We first identify the oxidation state of the central metal. Let the oxidation state of manganese be $$x$$. Each chloride ion carries a charge of $$-1$$ and there are six of them, so their total charge is $$6(-1)=-6$$. The overall charge on the complex ion is given to be $$-3$$. Hence, we write the simple equation

$$x + (-6) = -3$$

Solving, we get

$$x = -3 + 6 = +3$$

So manganese is in the $$+3$$ oxidation state in $$[MnCl_6]^{3-}$$.

Next we need the ground-state electronic configuration of a neutral manganese atom. Manganese has atomic number $$25$$, so

$$Mn : [Ar]\,3d^5\,4s^2$$

For $$Mn^{3+}$$ we remove first the two $$4s$$ electrons and then one $$3d$$ electron (because electrons are lost from the outer shell first). Thus

$$Mn^{3+} : [Ar]\,3d^4$$

Now we must decide whether the complex is an inner-orbital ($$d^2sp^3$$) or outer-orbital ($$sp^3d^2$$) octahedral complex. For this we recall a qualitative result from crystal-field theory:

• Weak-field (high-spin) ligands do not cause pairing of $$d$$ electrons and therefore favour the use of the outer $$d$$ orbitals, producing $$sp^3d^2$$ hybridisation.
• Strong-field (low-spin) ligands do cause pairing and favour $$d^2sp^3$$ hybridisation.

Chloride ion ($$Cl^-$$) is a weak-field ligand.

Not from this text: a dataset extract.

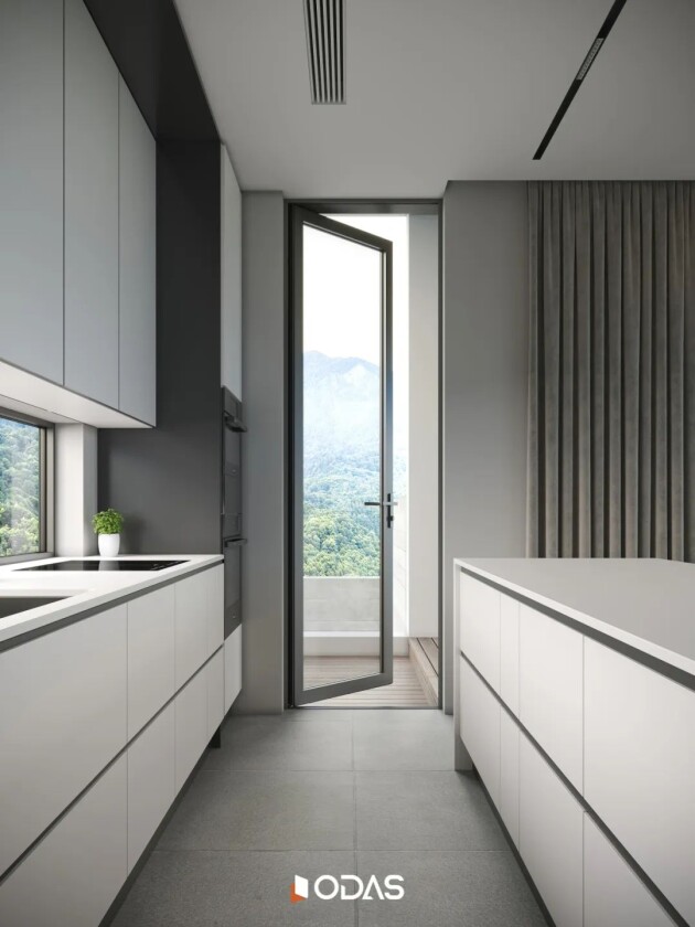 細(xì)節(jié)打磨到恰到好處,方能擁有更多游刃有余的空間。面對(duì)室外復(fù)雜天氣環(huán)境,對(duì)平開(kāi)門有著更高的性能要求。廚房側(cè)門采用歐大師攬光85外平開(kāi)門,打通室內(nèi)外鏈接,營(yíng)造兼具實(shí)用主義和自然美學(xué)的家居生活空間。

Hence no pairing of the four $$3d$$ electrons of $$Mn^{3+}$$ will occur, and the two $$d$$ orbitals needed for octahedral bonding will be taken from the next (fourth) shell. Therefore the hybridisation must be

$$sp^3d^2$$.

Because the four $$3d$$ electrons remain unpaired, the complex possesses four unpaired electrons. A substance with one or more unpaired electrons is paramagnetic.

So the complex $$[MnCl_6]^{3-}$$ is $$sp^3d^2$$ hybridised and paramagnetic.

Hence, the correct answer is Option D.